Exercise
This exercise asks for an exact copy of the lines from the one containing "트위터의 엔티티 수준" through the final line of the material, with pictures omitted.

Information supplied
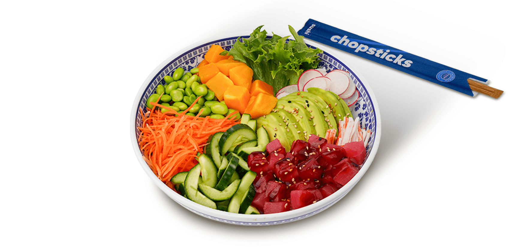 Marinerad tonfisk, avokado, mango, sallad, sojabönor och surimi på sushiris. Serveras med chilimajonnäs.
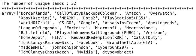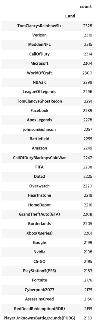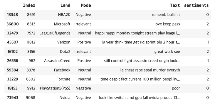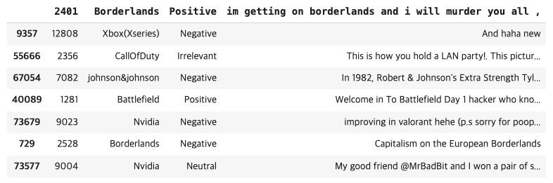 트위터의 엔티티 수준 감정 분석 데이터 세트 이며, 데이터세트는 긍정적, 부정적, 중립적으로 세가지 클래스로 되어있습니다. 여기서 중립적은 엔티티와 상관없는것을 중립적이라고 합니다.
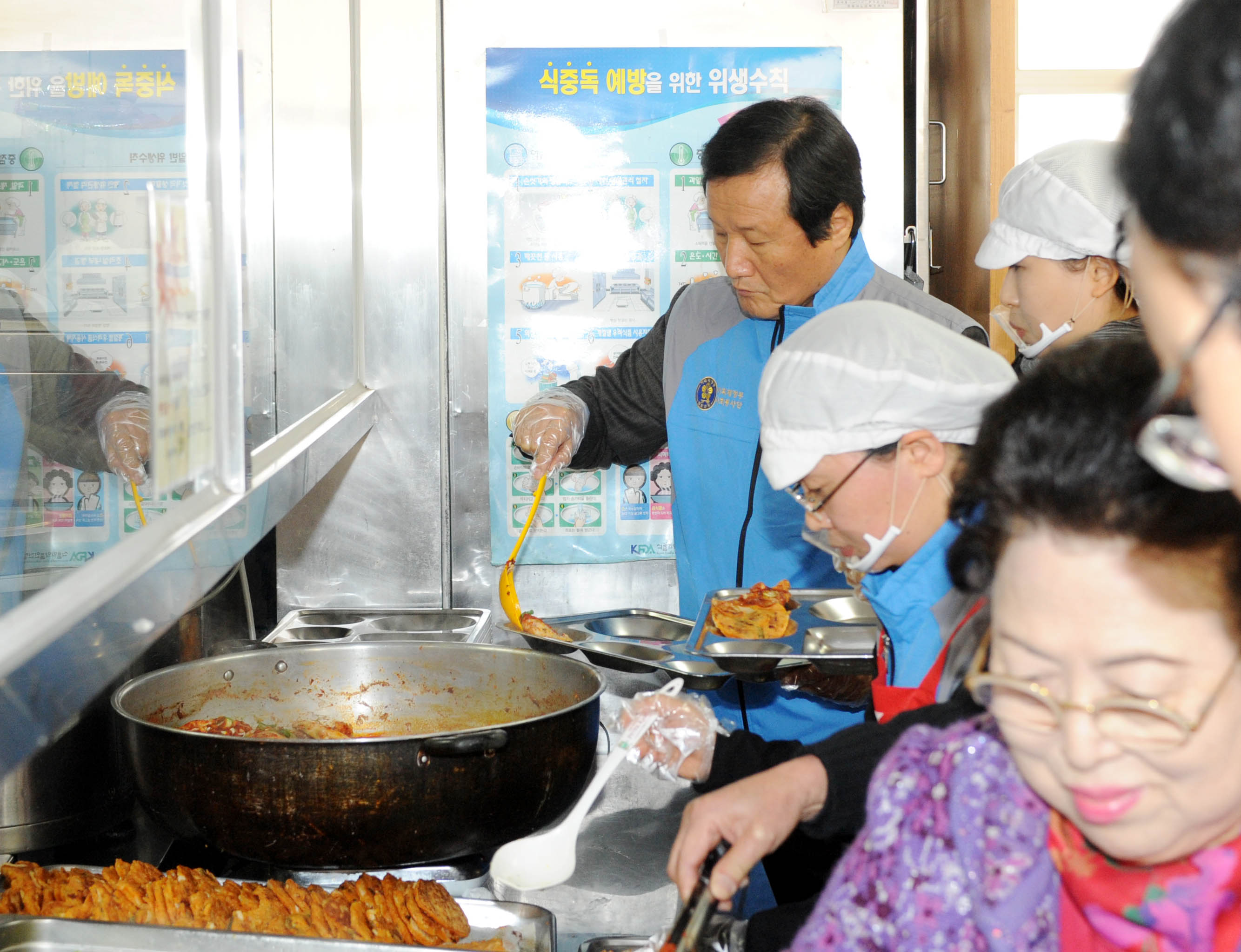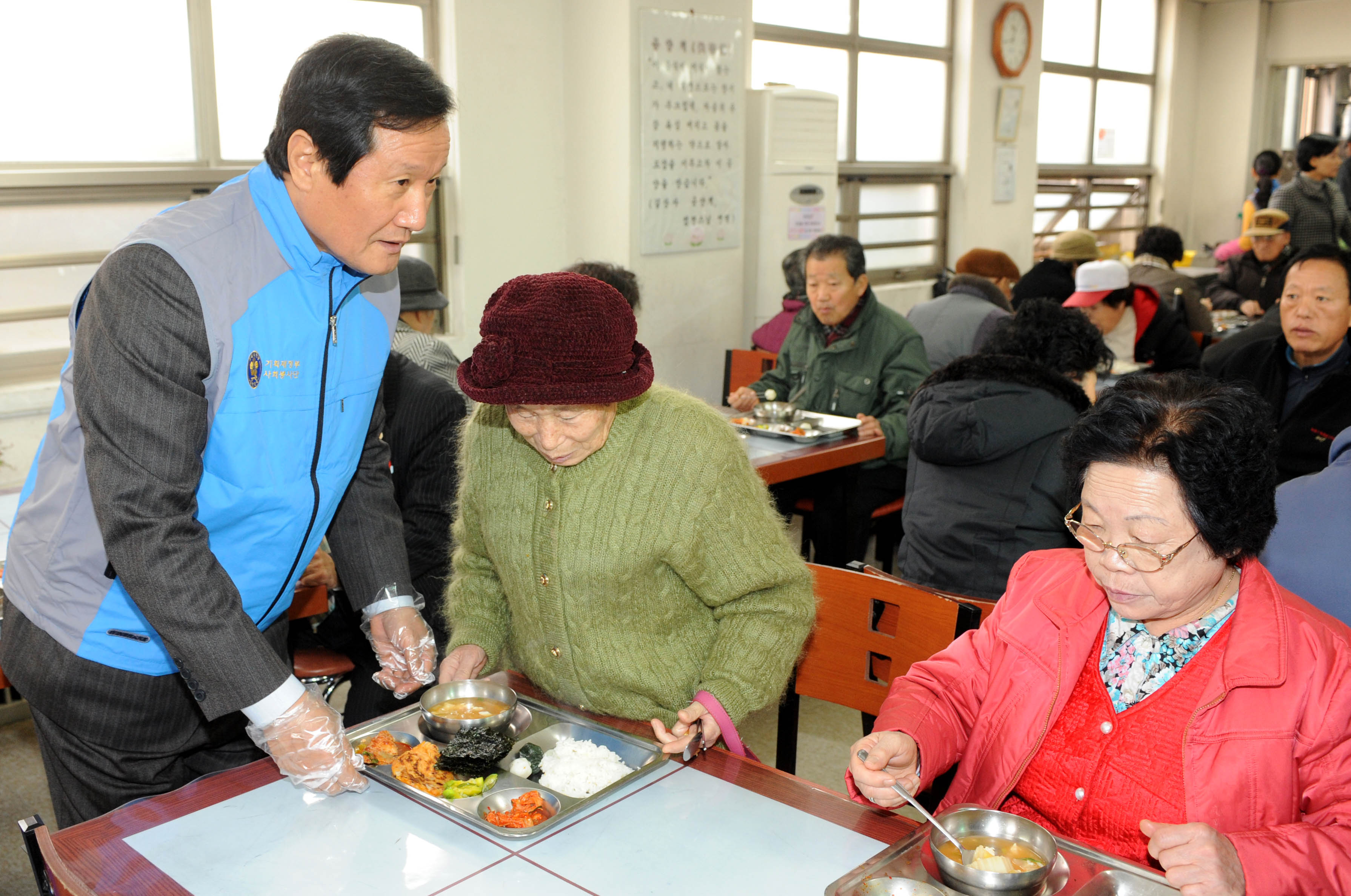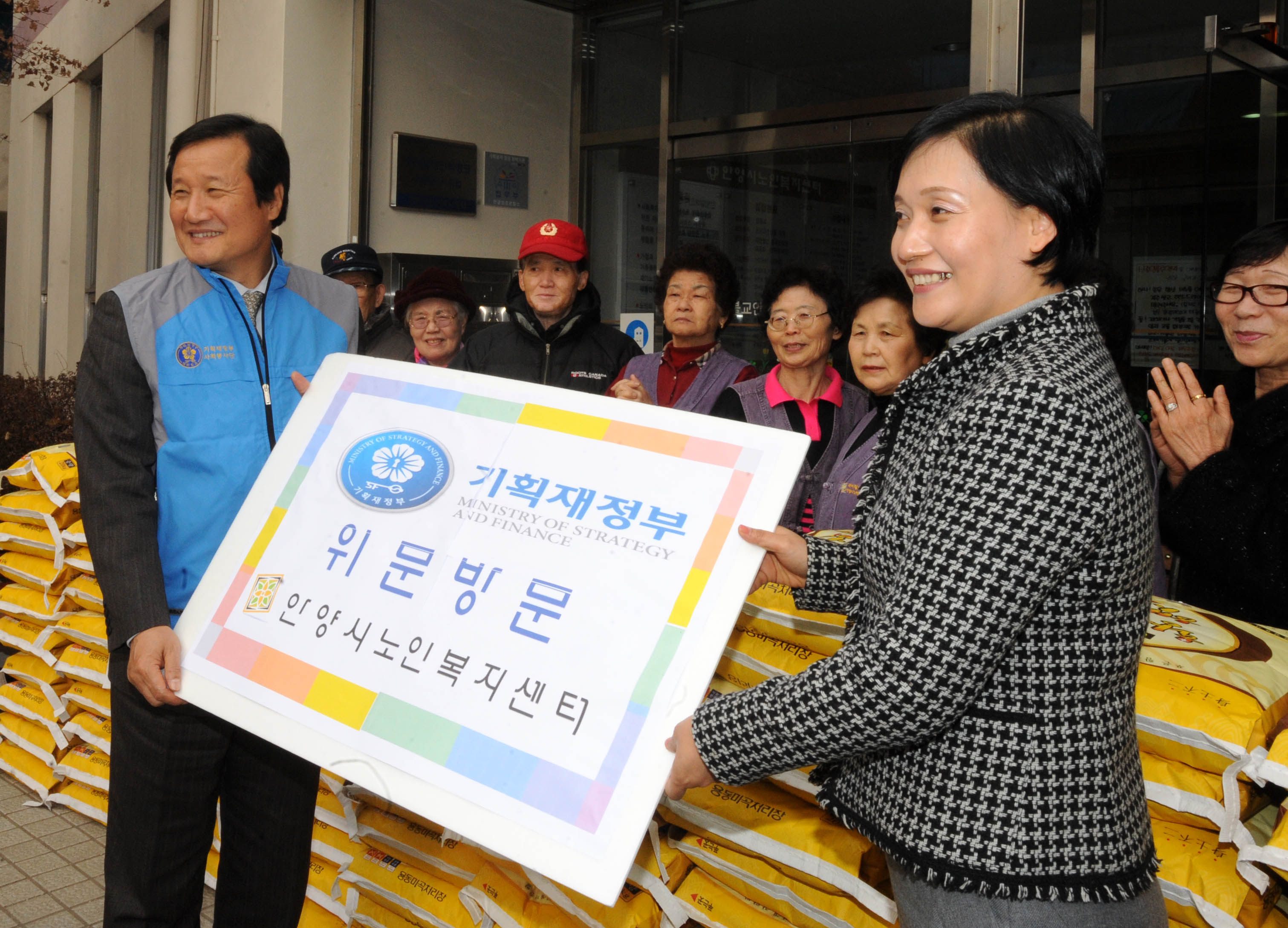 윤증현 기획재정부 장관이 24일 안양시 노인복지센터(관장 박양숙)를 방문, 재정부 직원들과 어르신들의 점심식사를 배식하고 위문품을 전달했다.

Result of this exercise
 트위터의 엔티티 수준 감정 분석 데이터 세트 이며, 데이터세트는 긍정적, 부정적, 중립적으로 세가지 클래스로 되어있습니다. 여기서 중립적은 엔티티와 상관없는것을 중립적이라고 합니다.
 윤증현 기획재정부 장관이 24일 안양시 노인복지센터(관장 박양숙)를 방문, 재정부 직원들과 어르신들의 점심식사를 배식하고 위문품을 전달했다.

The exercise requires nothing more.